Because phylogatR is a big-data aggregator, it is likely that more fine-scale problems with individual species alignments and georeferenced data are present. In the squamate study, I used an outlier detector (Grubbs test) for π and D and found two species (0.4%) with either individuals missing 95% of their data or lack overlap among most gene fragments. These kinds of problems could be identified prior to analyses with simple scripts that detect missing data beyond some user input threshold or sequence mismatch. I found geographic outliers were caused by taxa that had been introduced well beyond their natural range (e.g.., Hemidactylus geckos). This requires the end user to know about the natural history of their target study organisms and assess if this is a problem for their particular study design.

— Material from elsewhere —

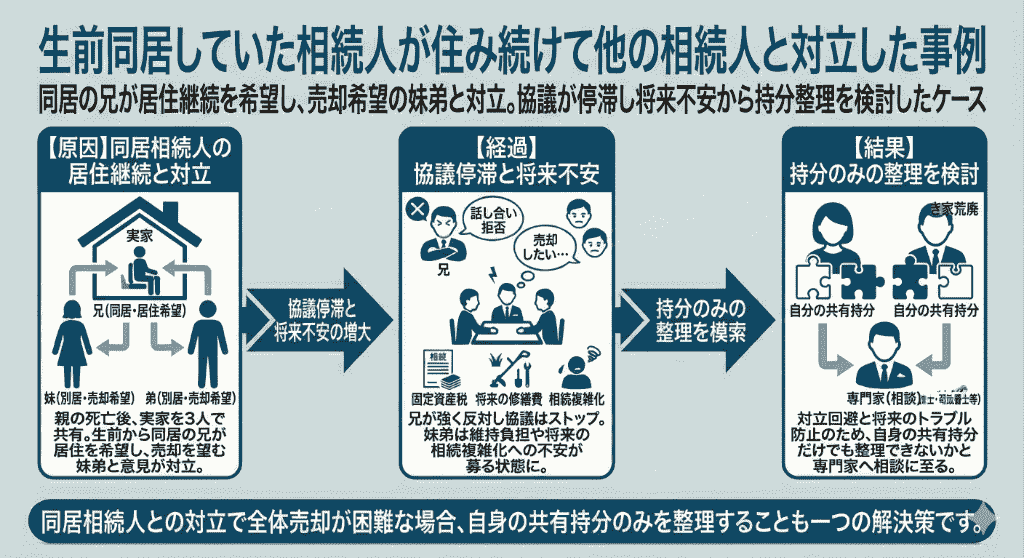 生前に同居していた相続人がそのまま住み続けたことで、共有名義不動産の扱いをめぐって意見が対立した事例です。

The program phylogatR represents a major leap forward for aggregating all of those phylogeographic datasets accumulating since Avise et al. (1979). The database is easy to use, is a major time saver, and the caveats are clear. I envision some future version of this that scrapes genome-scale data now also accumulating at a massive rate. In the meantime, the current version can facilitate the next generation of comparative ecological and community level analyses of phylogeographic patterns and processes.